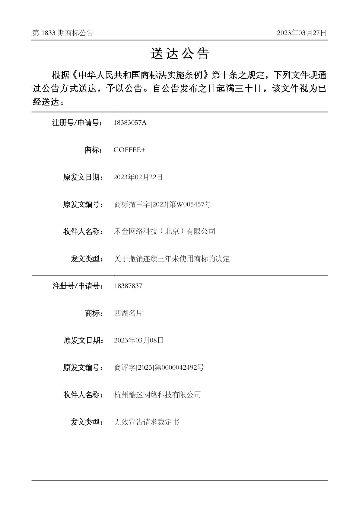 2023-03-28 撤销连续三年停止使用注册商标 | 排版送达公告(关于撤销连续三年未使用商标的决定)
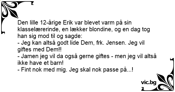 Den lille 12-årige Erik var blevet varm på sin klasselærerinde, en lækker blondine, og en dag tog han sig mod til og sagde:
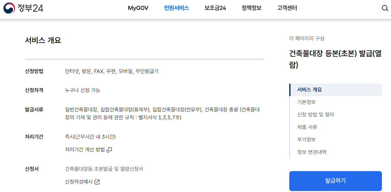 - 발급 신청하기 : 검색 결과에서 '건축물대장 발급'을 선택하고, 필요한 정보를 입력한 후 신청 버튼을 클릭합니다.

## Directions
Copy out the listing above in full and leave out its pictures.

## Task result
 2023-03-28 撤销连续三年停止使用注册商标 | 排版送达公告(关于撤销连续三年未使用商标的决定)
 Den lille 12-årige Erik var blevet varm på sin klasselærerinde, en lækker blondine, og en dag tog han sig mod til og sagde:
 - 발급 신청하기 : 검색 결과에서 '건축물대장 발급'을 선택하고, 필요한 정보를 입력한 후 신청 버튼을 클릭합니다.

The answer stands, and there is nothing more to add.